Lars Marius Garshol larsga@ifi.uio.no
09 Jun 1999 00:26:53 +0200


* Jim Fulton
| 
| I'd like to have a very fast and simple parser that can do
| validation.

Hmmm. Maybe a better option than what you've been looking at would be
RXP, which is an all-C validating parser. 

<URL: http://www.cogsci.ed.ac.uk/~richard/rxp.html>

It's a little bit slower than expat, but that should drown in the time
occupied by the Python callbacks anyway. 

I've been thinking about writing a Python interface to RXP, but am not
really into C extensions yet and haven't got the time at the moment.
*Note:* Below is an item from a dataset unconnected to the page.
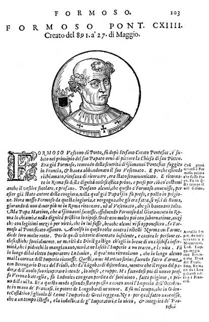 Description: An image of Formosus I, Pope of the Roman Catholic Church and the Bishop of Rome (r. 891-896 CE). He wears a pallium while to the left is a blank coat of arms with the papal triple tiara above.

|   - Using (or stealing parts of) xmlproc to parse DTDs,

This is easily possible, and it will buy you some performance,
although probably not as much as you'd wish. (Especially for large
DTDs xmlproc is slow.)
 
| (I plan to post an updated pyexpat that implements the full
| C expat interface defined in the latest stable expat release,
| unless someone beats me to it. ;)

Great! When you do I'll update the SAX driver.
 
| I find that if I tell xmlproc to parse a file containing only a DTD,
| it will build the DTD related data structures for me, but:
| 
|   - I wonder if there is or should be a tool designed
|     just to do this.  Maybe there already is one that I've
|     missed.

xmlproc comes with a dtdparser.py module which gives you an
event-based interface to DTDs. Combined with the classes in xmldtd.py
this gives you the ability to parse a DTD without an associated
document. Look in the demo directory for dtddoc.py, which is an
example of this.
 
|   - Can I rely on the data structures created by the current
|     xmlproc?

Sorry, I don't understand the question. What do you mean by 'rely'?
 
| I'd like to have a tool for processing DTDs independent of
| parsing XML:
|
| [excellent reasons snipped]

Yup. These were all part of my motivation for making the DTD parsing
module of xmlproc separate from the rest.

--Lars M.